In today's relaxing Guided Meditation, we will be reflecting on The Four Cardinal Virtues: Wisdom (Greek phronêsis), Justice (Greek dikaiosunê), Courage (Greek andreia), Temperance (Greek sôphrosunê).
Historians can’t agree on where this classification originated. It appears to go back as far as Plato or Socrates, although some argue that they can be traced back to about the 12th-8th centuries B.C., to Homer’s epic poems, The Iliad and The Odyssey.
Let's see them in more detail:
This is the common sense ability to know good from bad. We apply wisdom to judge what is to be done and what is not to be done and to know what is under our control and what is not. Includes good calculation, quick-wittedness, cunning, discretion, and resourcefulness.
To be fair and just in our treatment of others. To be moral, honest, and conduct ourselves with the dignity, equity, and fairness, we demand of others.
To resist fear; to be courageous without being reckless. To have confidence and self-restraint about what is truly fearful and terrible; to be bold wisely; intrepid in the face of hardship and death. Includes discipline, confidence, and self-control.
Moderation concerning desires and pleasures; harmony and good discipline. It has to do with personal independence, and self -discipline; rational acceptance of what is admirable and contemptible. Includes endurance, modesty, high-mindedness, cheerfulness, and industriousness.
These virtues derive initially from Plato's Republic Book IV, 426–435. The Roman Emperor Marcus Aurelius discusses them in Book V:12 of Meditations and views them as the "goods" that a person should identify in one's own mind, as opposed to "wealth or things which conduce to luxury or prestige." These cardinal virtues are listed in the Bible, as they were adopted by early Christians, who added on the three theological virtues of faith, hope and charity.

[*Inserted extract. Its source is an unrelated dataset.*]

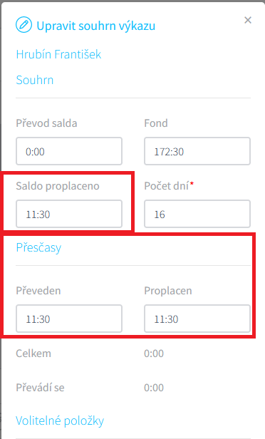 Preplatenie nadčasu v priebehu sa vykonáva rovnako ako vo vyššie uvedenom príklade, akurát hodnotu preplácaného nadčasu je nutné zadať aj do políčka Saldo preplatené (ak to neurobíte, nebude preplatený nadčas odpočítaný a na konci VO by ste ho preplatili znova).

The cardinal virtues are considered the ‘antidote’ to the capital vices of pride, greed, lust, envy, gluttony, wrath and sloth. If you build your life and ambitions around these vices, you will probably be disappointed, because the pleasure they offer is ephemeral. It doesn’t mean that we don’t seek and enjoy pleasurable things like acclaim and monetary success. It means that we don’t “require” them to be happy and fulfilled; to “flourish” in a state of Eudaimonia.